If you are interested in design based on local needs, local materials, and local traditions, you will find vernacular building exhibitions well worth a visit.
/// Thailand ///
Five show pavilions are open now at Architect ’18, the ASEAN’s largest building technology exposition organized by the Association of Siamese Architects (ASA). It’s happening on May 1-6, 2018 at Impact, Muang Thong Thani.
Other attractions range from a photography display by Vernacular Built Environment and Cultural Heritage Studies Group, and exhibitions by various architectural firms, to retail businesses, and seminars featuring distinguished speakers from Thailand and abroad.
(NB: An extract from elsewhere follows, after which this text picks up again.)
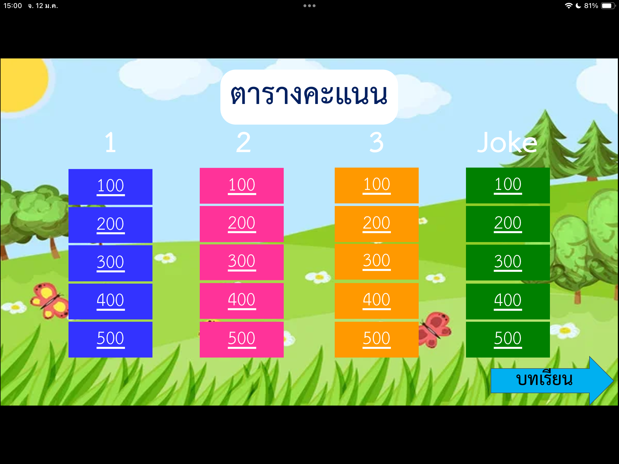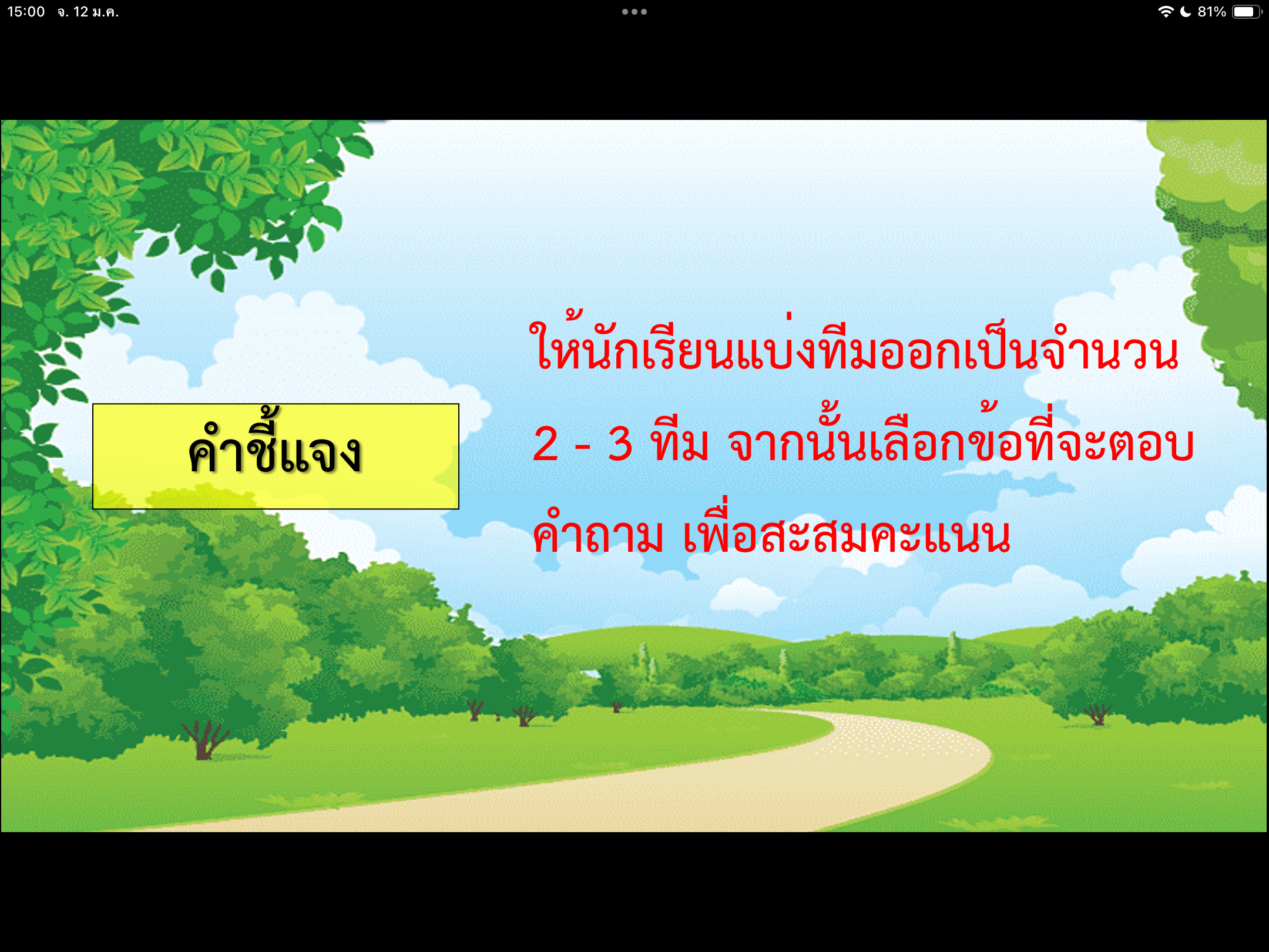 ให้นักเรียนแบ่งทีมออกเป็นจำนวน 2 - 3 ทีม จากนั้นเลือกข้อที่จะตอบคำถาม เพื่อสะสมคะแนน
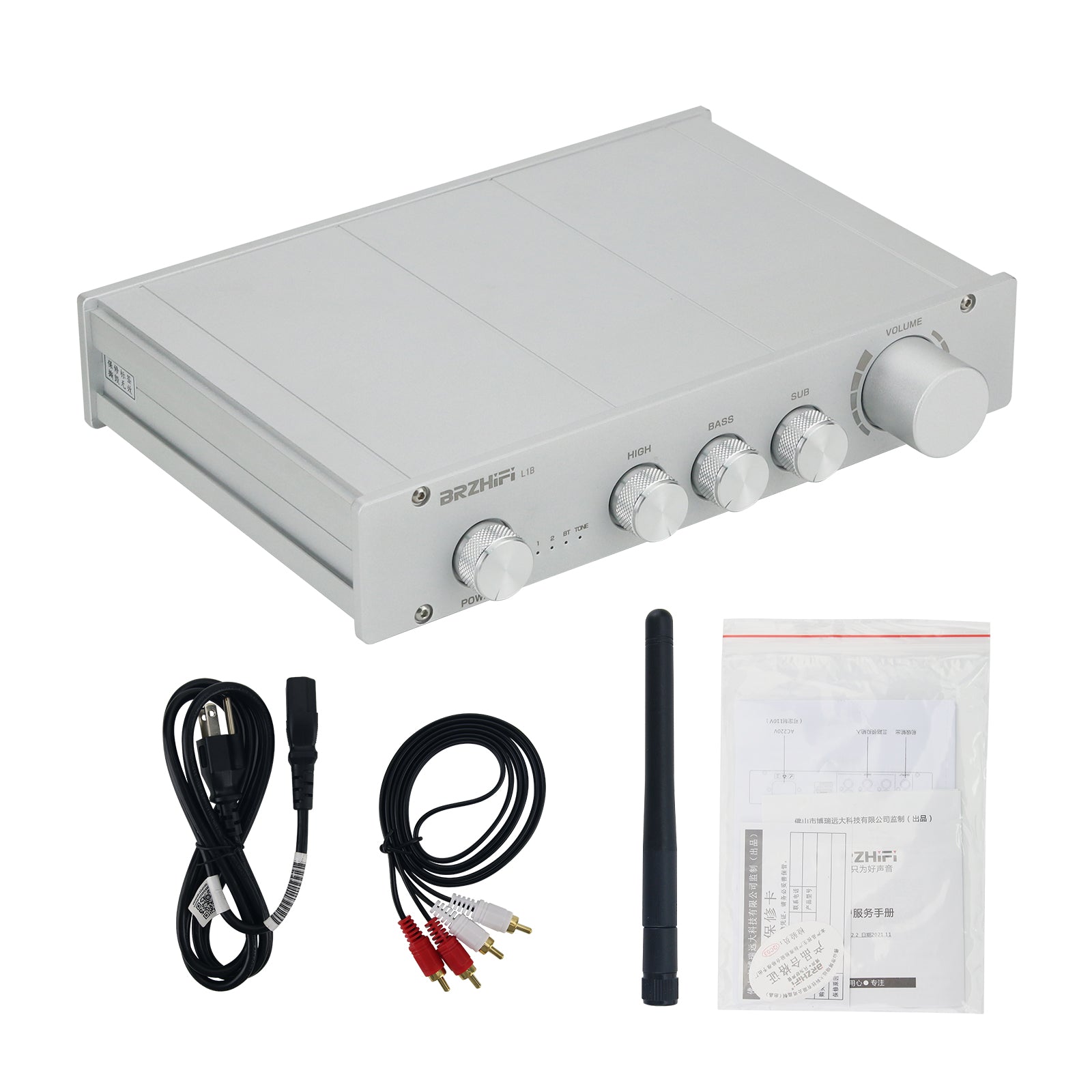 BRZHIFI L1B Frosted Silvery Pure Class A 2.0/2.1 Channel HiFi Audio Power Amplifier Bluetooth5.0 Input

The expo’s must-see events include a show pavilion by Boon Design, which presents building techniques using materials readily available in a locality, such as plastic crates for fruit transportation filled with clay.
Designer Boonlert Hemvijitraphan said: “Traditionally, earth has been a material of choice for home building while plastic crates come in handy as byproducts of the industry. The choice of materials is often dictated by availability in a particular area. Homes can be made of anything, whether it’s earth or wood, so long as they are adapted to suit local needs and requirements.” Like so, a vernacular house in Southeast Asia may appear dim on the inside because there are only a few openings. Lace fabrics on the windows tell stories of clever adaptations to suit local weather conditions.
The building techniques differ from country to country across Southeast Asia as illustrated by the photo exhibition by the Vernacular Built Environment and Cultural Heritage Studies Group. Its members include Isarachai Buranaut, Kullphut Seneevong Na Ayudhaya, Somchai Chuechuaychu, and Surapong Jamniyom.